Tuesday, August 30, 2011

Diabetes and DPN

Okay, at some point I'll stop blogging about these medical webinars . . . but not tonight! I actually found the latest one that I attended fairly fascinating. Seriously.

At the church where Jonathan used to be pastor, we joked among ourselves that there must be "something in the water": Out of a congregation of about 60 people, there were two who were missing limbs. One was a man who'd lost his arm in a farming accident (and he was an amazing woodworker, especially considering his injury!) and a "senior saint" who'd lost her leg due to complications of Diabetes. About a month after we left, we heard that she had realized one of her worst fears: She'd lost her other leg.

I have to admit that I had no idea exactly why the amputation of limbs has anything to do with Diabetes, which is pretty pathetic, considering the fact that it runs in my family, and my dad has had it for a few years, now.
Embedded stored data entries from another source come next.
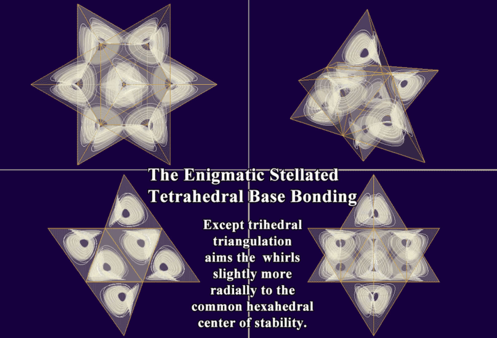 EWT had focussed on classical equations and constants to determine geometric relationships, whereas this webpage is only exploring several polyhedral structures. This star tetrahedron model omits the central tetrahedral vortices, (graphically speaking), which poses further open questions about the differential properties, of "thorough solidity" as in classical tetrahedrons versus "surface solidity" (of trihedrons), and both concepts raise open questions.
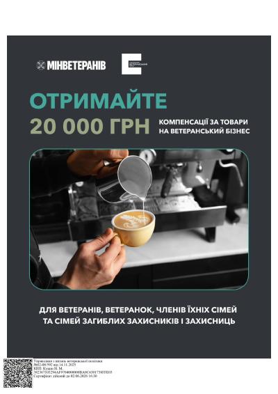 Український ветеранський фонд Мінветеранів компенсує до 20 тисяч гривень на купівлю предметів та товарів для ведення ветеранського бізнесу.
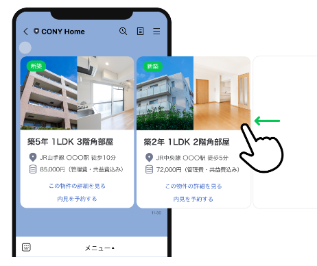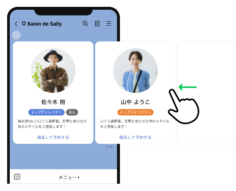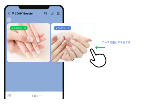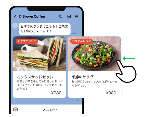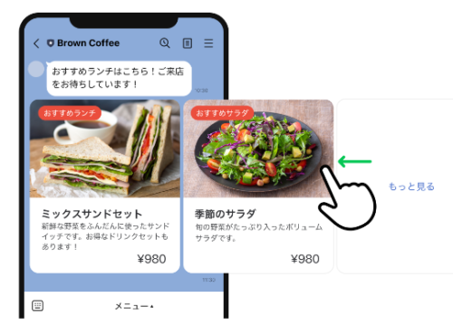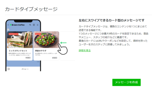 複数の画像を並べて表示し、横にスライドしながらユーザーに見てもらえるのがカードタイプメッセージです。文章だけよりも見栄えがよく読み飛ばされにくいので、ぜひ活用してください。

In a nutshell, the following is what I learned about diabetic peripheral neuropathy, or DPN (they also called it "Silence of the Limbs"--bahaha!).
  • Peripheral nuropathy--relating to the limbs--is the most common complication of Diabetes, occurring in 50-90% of patients (depending o the criteria used for diagnosis)
  • Up to 70% of diabetics will lose sensation in their feet.
  • Approximately 25% develop foot ulcers, which often become infected, requiring hospitalization, with a 20% chance of amputation.
  • Of those who have major amputations, almost half will have the other limb amputated within 3 years, and a startling 50% of them will die within 5 years of having their first limb amputated.
Okay, suddenly the idea of tingling, numbness, or burning foot pain seemed pretty serious. I had no clue! Basically, the sensory loss and atrophy of nerve fibers is the problem, and it leads to infections simply because the patient can't feel pain from cuts or burns or whatever.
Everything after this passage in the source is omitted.